Reproducible: Always

Steps to Reproduce:
1. Open the above URL.
Actual Results:  
Firefox says:

You have chosen to open
TI-97-7.ps.gz
which is a: Gnu ZIP Archive
from: http://www.informatik.tu-darmstadt.de

Expected Results:  
It should have said that it was a Postscript file.

I wonder is this can lead to a security problem if a wrong helper application can be used.
The type displayed by Firefox is indeed from the extension, but the *behaviour* of Firefox comes (initially at least) from the Content-Type.
ohh, content-encoding issues in file handling
Assignee: darin → file-handling
Component: Networking: HTTP → File Handling
QA Contact: networking.http → ian
(In reply to comment #1)
> but the *behaviour* of Firefox comes (initially at least) from the Content-Type.

Not completely. Firefox proposes to open the file with Stuffit Expander, which is a dearchiver, not a viewer.
Mozilla/5.0 (X11; U; Linux i686; en-US; rv:1.8) Gecko/20060110 Firefox/1.5

Is this bug Mac OS X only?
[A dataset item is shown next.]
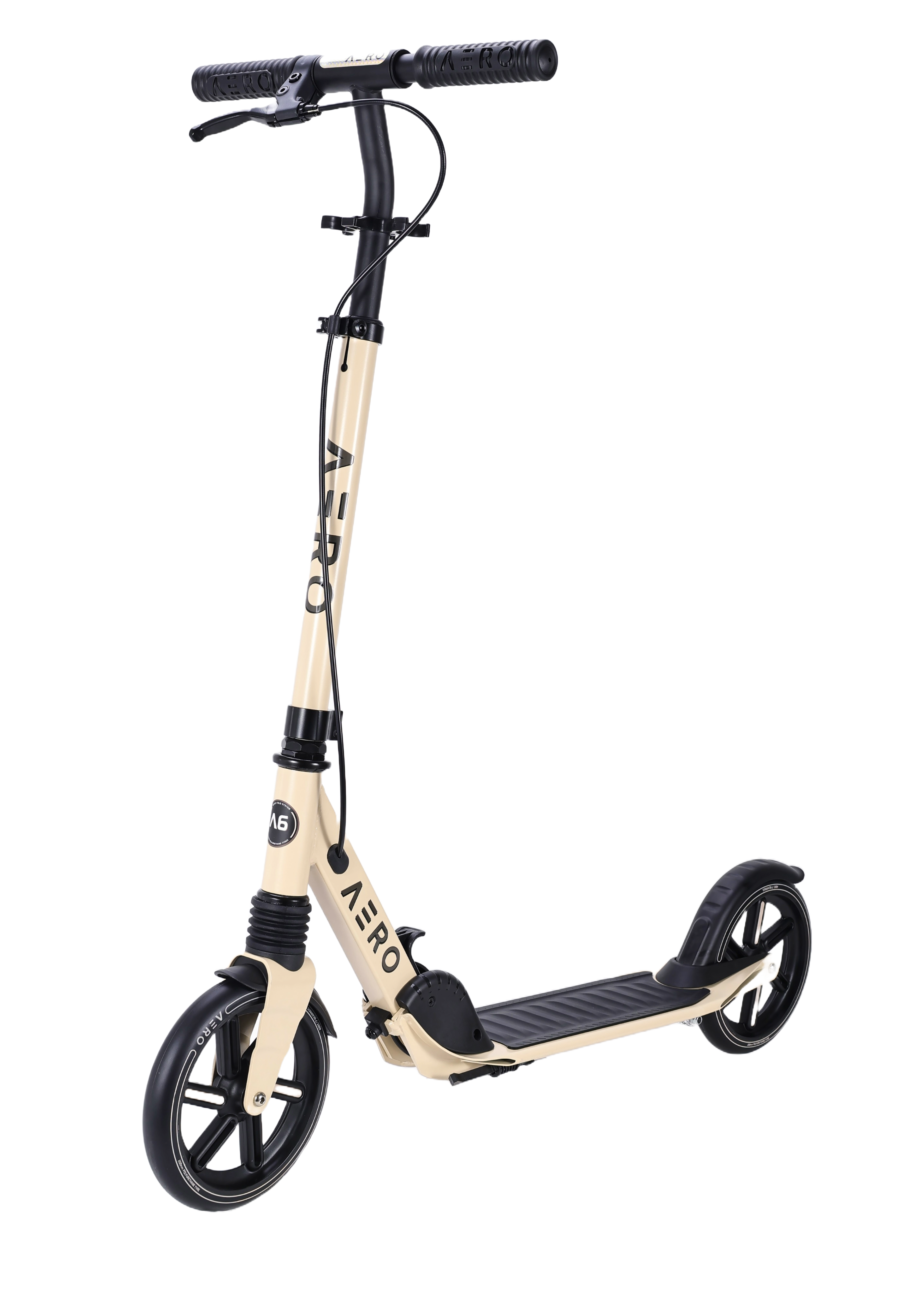 For children 8 years old + and Adults; Max Load: 100kg; Foldable and Height adjustable; Front Suspension; Kickstand included; Product Size: 93*37*99cm; Product Folded Size:87*41*38cm; Frame: Steel; Wheel: PU/200mm /85A; Brake system: hand brake and foot brake; Bearing: ABEC-7; Available colours: Beige or GreyThe AERO A6 kick scooter is specially designed for big kids 8-12, teens, and adults. It is perfect for both recreational sports and short-distance commuting.In additional to the standard foot brake, this adult 2 wheels kick scooter features a hand-operated brake for enhanced control and safety. This scooter for adults is equipped with 8” big PU wheels and built-in shock absorption, ensuring a smooth and comfortable ride on hard and uneven surfaces. This adult kick scooter comes with an extra wide deck with anti-slip rubber mat, which is soft and durable, and so you do not worry that it gets dirty or wet anymore.This adult scooter adopts a reliable folding mechanism. The handlebar height is can be adjusted to ‘evolve’ with your children ensuring a best fit for boys or girls ages from 8 to 12 years old, teens, big kids, youth as well as adults, as it supports up to 100kg.

At least here on Linux (1.8 branch build) I see the correct file type in the download dialog (postscript file) and it offers to open the file in my selected PS viewer application.
I confirm that it is correct under Linux:

You have chosen to open
  TI-97-7.ps.gz
which is a: PS file
from: ...
So is this an issue with Seamonkey too?  Or just Firefox?  And a problem with just the UI?  Or the core code?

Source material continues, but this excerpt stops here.